Por supuesto que hay mucha gente que no sabe valorar el trabajo, los conocimientos y el esfuerzo de los demás... Aquello de saber que tornillo apretar...y no, no es que les presté atención a esa clase de personas, para nada, pero me siento orgulloso de lo que se, de lo que aprendí y de lo que práctico, me apasiona la electrónica, y por supuesto me duele que la gente piense que no hay nada detrás de esas placas que conectan entre sí y les cargan un software que ni siquiera son capaces de entender... Creo que eso nos desprestigia, claro que sí.. Ojo, no digo que esté sea el caso del compañero que lanzó la pregunta, no soy quien para juzgar a nadie.

Y que conste que uso Arduino, para muchos desarrollos me parece una plataforma muy cómoda, igual que uso lenguajes de alto nivel en vez de ensamblador... Asumo que son menos eficientes pero sirven a mis propósitos, pero no por ello dejo de valorar un 16f84 o ensamblador... Al final supongo que eso es lo que espero de la gente, que al menos sepan lo que hay detrás de eso que les resulta más fácil y que lo valoren..

Me gusta que cuando la gente habla de mi oficio o de mi pasión lo hagan con el mismo respeto que yo muestro a un médico o a un albañil pues no entiendo nada de ninguno de sus oficios y asumo que ambos tienen sus técnicas y sus dificultades. Sólo eso.

Y que nadie se me ofenda, perdón si a alguien le ofende algo de lo que he planteado, para nada es mi intención.


----------



## viriato (Feb 9, 2018)

He utilizado un transistor bipolar NPN PN2222.


Y he seguido el montaje del diagrama del cableado y yo veo que he conectado el colector del transistor al motor y el emisor a masa, como dices.











El emisor del transistor está a la izquierda, la base en el centro y el colector a la derecha siguiendo la foto de mi montaje. 



pandacba dijo:


> Si utilizaste el PN2222, entonces este esta invertido, el colector debe ir al motor y el emisor a masa



Descarto que sea por culpa de deterioro de la protoboard, los cables protoboard, los componentes o el deterioro del pin de la misma placa de Arduino. De ser asi, cuando  el terminal de la resistencia de 220 Ohmios hace contacto con el terminal del diodo no funcionaría el motor DC y si lo hace. 




Scooter dijo:


> El transistor está al revés.
> La fuente del Arduino da muy poca corriente. Alimenta el motor "por fuera" de la placa.
> El positivo directo al alimentador y el diodo volante también.
> 
> ...



He hecho lo que me has pedido.

He usado una bateria de 3,7V LIPO solamente con el motor DC y he medido la intensidad de corriente con un polímetro y su valor oscila en torno a los 15 mA y  la salida digital de mi placa Arduino REV Uno3 ofrece 40 mA de salida.

El transistor actúa como regulador de corriente y puede comportarse como un interruptor o amplificador.

En activo, el transistor deja pasar algo de corriente

En corte, el transistor no deja pasar corriente y se comporta como un interruptor dejando el circuito abierto. En un transistor NPN como es el PN222A,  No hay tensión entre la base del transistor o tension base es muy pequeña y por lo tanto no hay flujo de electrones del Colector al Emisor.

En saturación, el transistor deja pasar toda la corriente. En un transistor NPN como es el PN2222A, la tensión del colector-emisor debería ser la suma de la tensión colector-base y tensión base-emisor.

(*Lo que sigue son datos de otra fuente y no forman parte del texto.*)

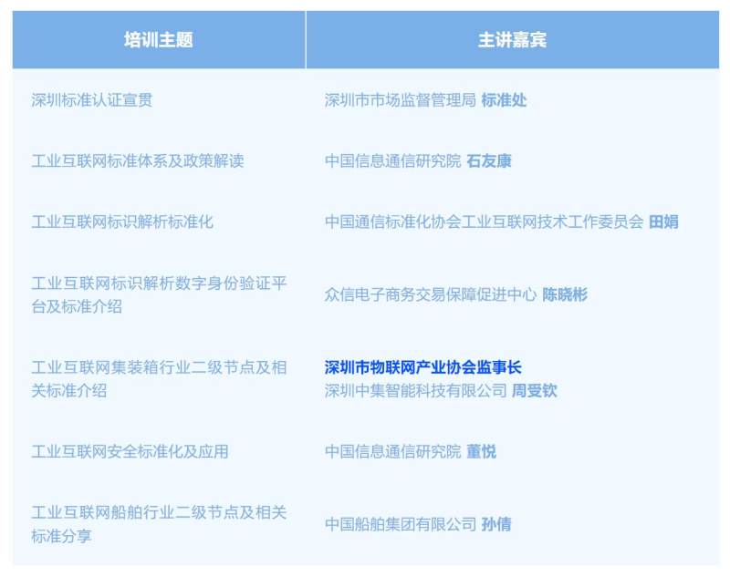 基于目前工业互联网行业发展现状,为加强行业、企业对工业互联网的认知、推动工业互联网行业的标准化建设,规范和指导工业互联网的应用,提高相关从业人员对行业发展态势的了解,现决定在我市举办工业互联网标准宣贯培训会,本次培训由深圳市市场监督管理局主办,深圳市标准技术研究院承办,深圳市物联网产业协会等单位联合协办。

La suma de las intensidades de entrada ( I colector + I base ) es igual a la intensidad de salida ( I emisor ).

Y se supone, que el diagrama de cableado de la imagen que he puesto al principio, es un circuito en el que el transistor NPN se comporta en saturación dejando pasar toda la corriente, haciendo funcionar el motor.




dladystarlight dijo:


> Cuánto bien y cuanto daño ha hecho Arduino al mundo de la electrónica.
> 
> Mi consejo, consigue un polimetro y empieza a medir por ejemplo la corriente que consume tu motor alimentado por una fuente adecuada... Dos pilas de 1,5 v pueden servir.
> 
> ...





En otro me informaron que el transistor NPN PN222A no es el más adecuado para alimentar un motor DC.
Me recomendaron un transistor Mosfet.

Mi idea es montar un sistema de riego automático que use un fotosensor, un sensor de temperatura y humedad ambiental, un sensor de humedad de tierra con un módulo de ultrasonidos que mida la cantidad de agua del depósito en función de la distancia, visualizador LCD 16X2 y que use una minibomba de agua como la del ejemplo.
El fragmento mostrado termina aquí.